One thing I always have hooked up to my CO2 tank is a long coil hose and spray nozzle at the end. If the dash decides to light ill hit it with that instead of a bunch of white crap everywhere. No mess. Outside fire can get the foam.
Ahh, you might want to try that before you do it for real. I almost set a guy on fire that way once upon a time.............
I came into the main plant, and they had brought a pro welder in to weld the underside of a big water tank that was off the ground.
It was empty, but the concrete floor under it was nasty, so they had put down some big sheets of cardboard for him to lay on.
He had a full hood, and leather protection from the slag, but it was raining down on the cardboard.
The folks standing around kept stamping it out, but a section that was hard to get to started flaring up.
He asked for somebody to pour some water on it.
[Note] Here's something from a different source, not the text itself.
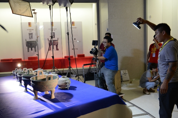 工作人员正在拍摄制作展览宣传片,每个灯光的位置都要充分展示文物之美。

But smug in my brilliance, I had a better idea.
Due to the nature of the company, there were about a dozen 20lb CO2 bottles full of CO2 standing around.
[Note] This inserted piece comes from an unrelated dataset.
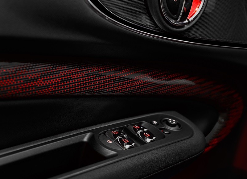 El equipamiento de serie incluye asientos deportivos John Cooper Works con apoyacabezas integrados y acabados en Dinamica y tela de color Carbon Black. Opcionalmente también se encuentra disponible la variante de equipamiento Dinamica y cuero Carbon Black con aplicaciones rojas. A conseguir la sensación de carrera que se disfruta en todo momento contribuyen también el volante de cuero John Cooper Works multifunción, las molduras de puerta John Cooper Works, la palanca de cambios John Cooper Works, pedales de acero inoxidable con apoyo para pie del conductor así como las indicaciones del puesto de conducción con esferas oscuras. El interior del techo de color antracita, las molduras interiores de diseño Grey Chequered y las notas rojas que se encuentran no solo en las superficies de los asientos sino también en la corona del volante, la palanca de cambios y en el instrumento central subraya el carácter deportivo y exclusivo del interior.

No regulator, just a valve on the top and a threaded fitting on the side of the stem.
No need to get the guy wet, I just reached over, grabbed a bottle, aimed it at the bottom of the fire and cracked the valve.
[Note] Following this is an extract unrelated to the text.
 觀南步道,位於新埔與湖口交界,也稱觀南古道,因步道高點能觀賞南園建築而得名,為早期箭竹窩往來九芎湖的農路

CO2 gas and bits of dry ice shot out under about 1500lbs of pressure.
Instant blowtorch.
The cardboard flared up and was licking at his shirt in a split second.
He yelled and rolled away. Fortunately one of the other guys was walking up with a bucket of water and put the cardboard out.
I felt like an idiot. I mean, its was CO2, not O2, or propane. Its supposed to put out fires, not make them faster.
Later, when I thought about it of course, I realized what was wrong. Fire extinguishers do not shoot out a thin fast jet of gas. They have that big diffuser nozzle that puts out a large fast moving cloud.
That cloud displaces the air, covers the fire and starves it for oxygen.
What I created was a venturi effect. Sure I was shooting out CO2, but as a fast thin jet, it was sucking 10 times the amount of air with it. Just like old timey bug sprayer sucks the liquid out of the can when the air shoots over the dip tube, or how you can empty a big container of water by shooting a fast moving stream of water across the top.
The part of the fire the gas hit was probably snuffed right out, but the wide hurricane that it brought with it fanned the rest of the blaze.
If you want to use the hose on an inside fire, you need to put some kind of nozzle on it that will spread it out and slow down the stream.